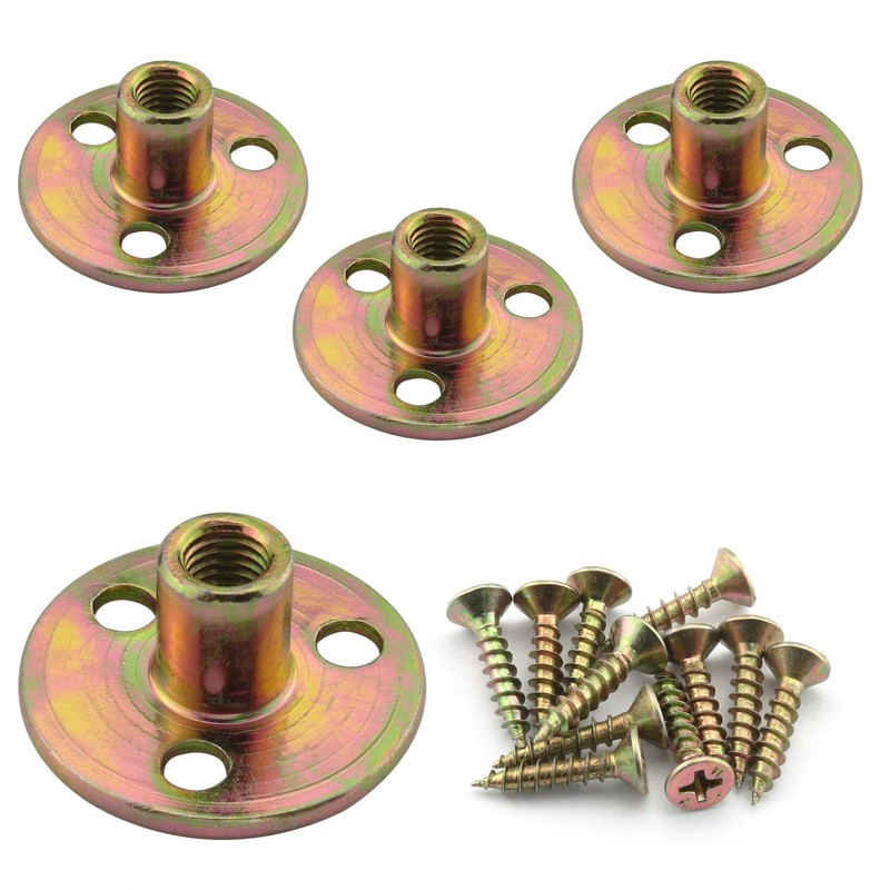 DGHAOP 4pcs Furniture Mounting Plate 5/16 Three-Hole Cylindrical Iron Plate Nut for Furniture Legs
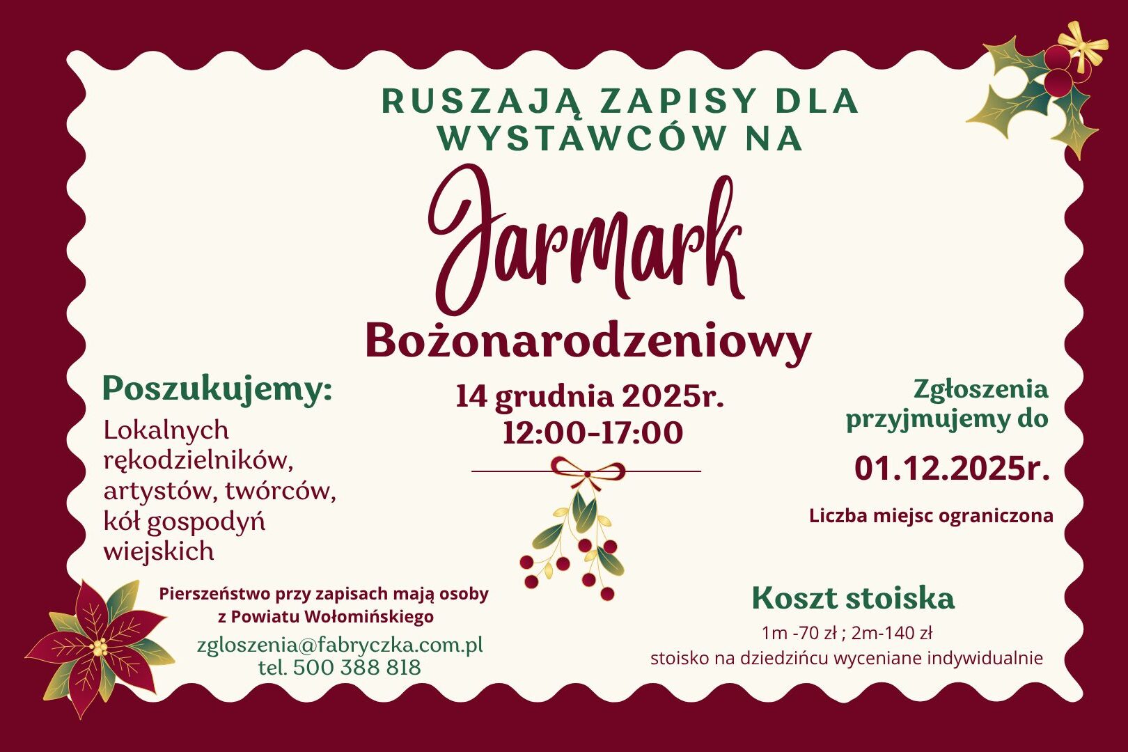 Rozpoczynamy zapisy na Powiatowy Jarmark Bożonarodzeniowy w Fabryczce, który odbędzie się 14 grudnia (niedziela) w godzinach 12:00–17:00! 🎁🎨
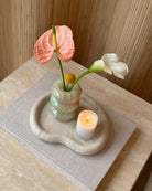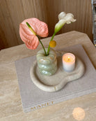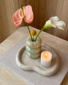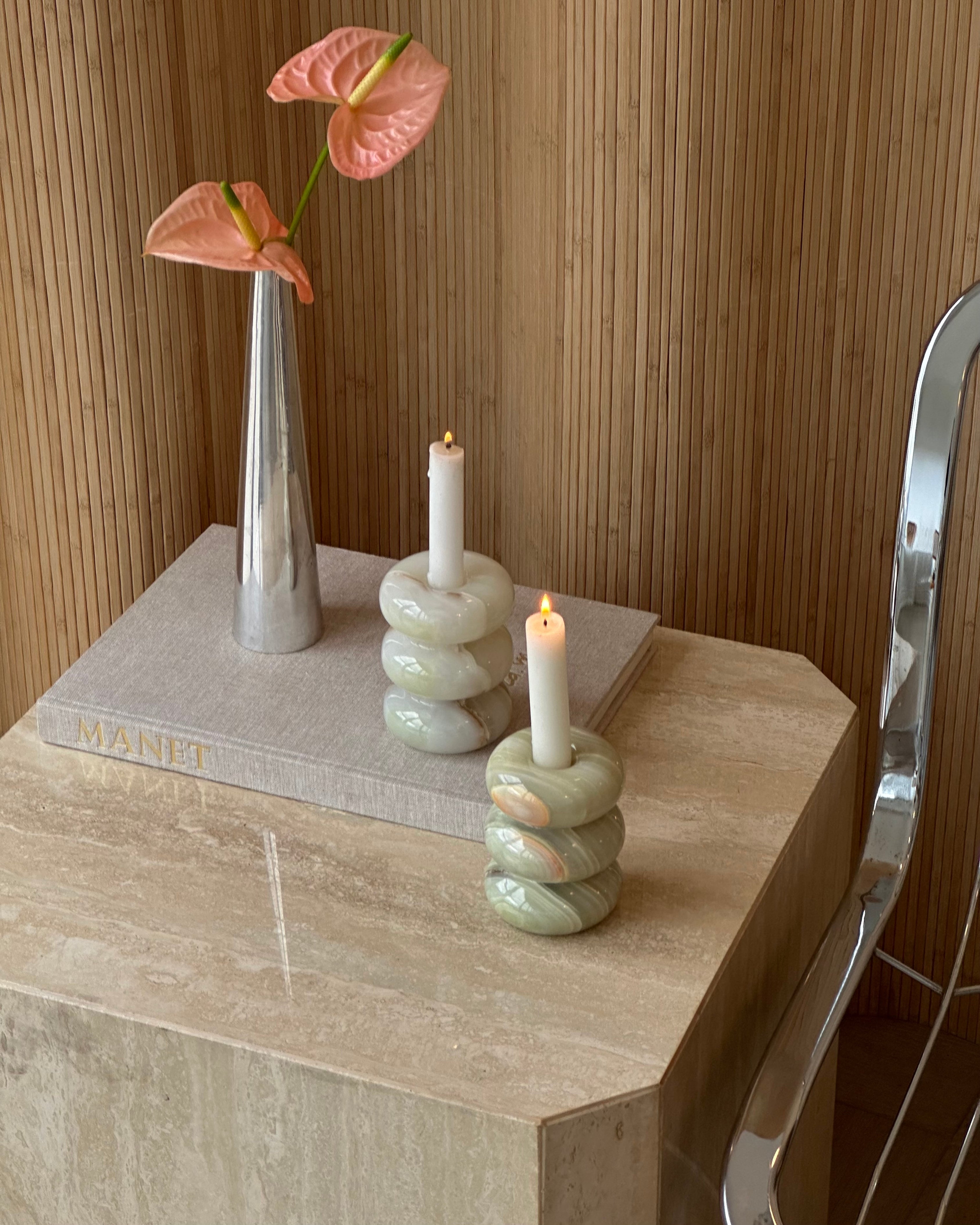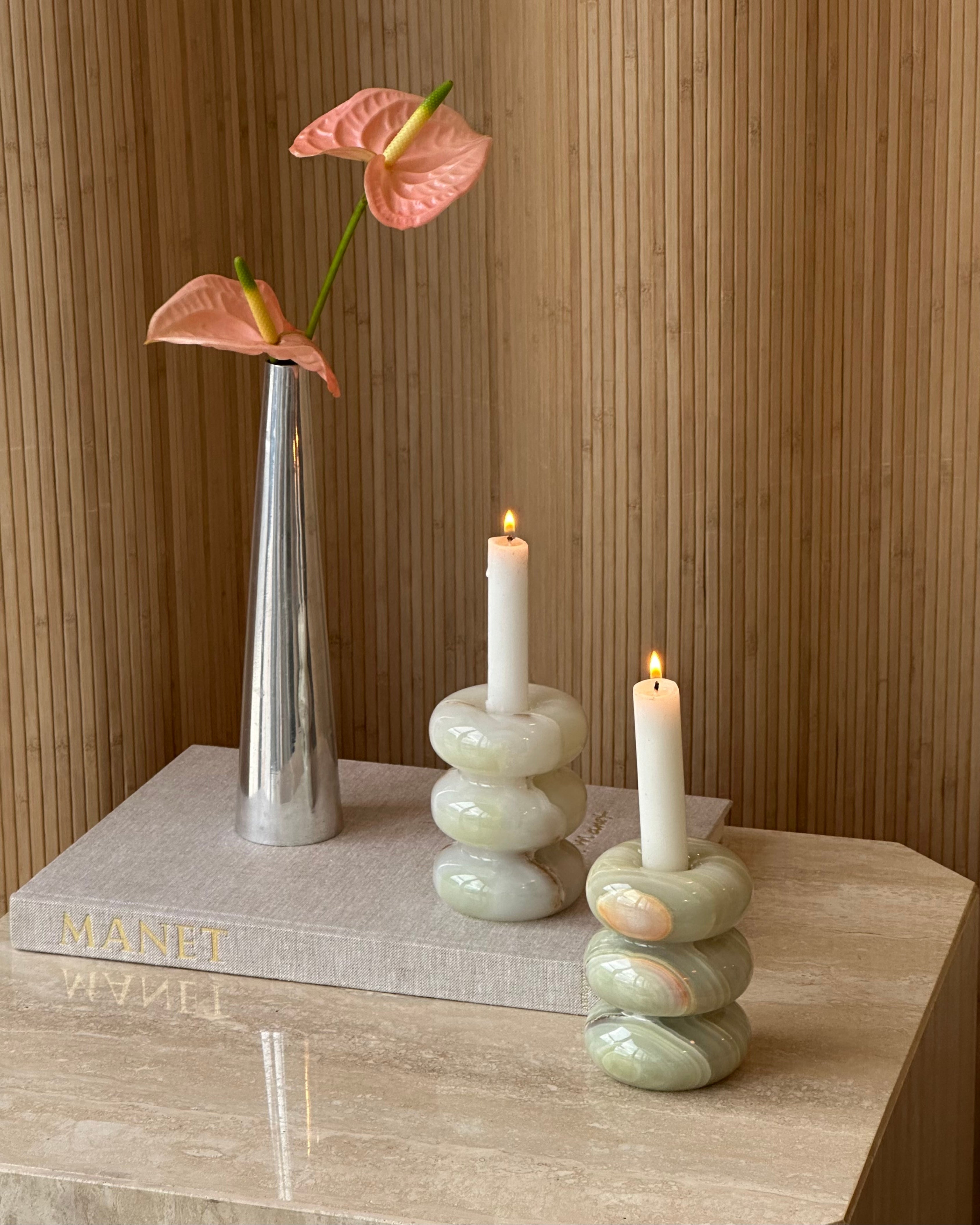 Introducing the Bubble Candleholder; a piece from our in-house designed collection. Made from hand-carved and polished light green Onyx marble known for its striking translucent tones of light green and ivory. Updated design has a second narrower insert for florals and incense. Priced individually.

DIRECTIONS FOR THIS TASK
Quote the preceding listing precisely and completely, omitting its images.

REPLY
 DGHAOP 4pcs Furniture Mounting Plate 5/16 Three-Hole Cylindrical Iron Plate Nut for Furniture Legs
 Rozpoczynamy zapisy na Powiatowy Jarmark Bożonarodzeniowy w Fabryczce, który odbędzie się 14 grudnia (niedziela) w godzinach 12:00–17:00! 🎁🎨
 Introducing the Bubble Candleholder; a piece from our in-house designed collection. Made from hand-carved and polished light green Onyx marble known for its striking translucent tones of light green and ivory. Updated design has a second narrower insert for florals and incense. Priced individually.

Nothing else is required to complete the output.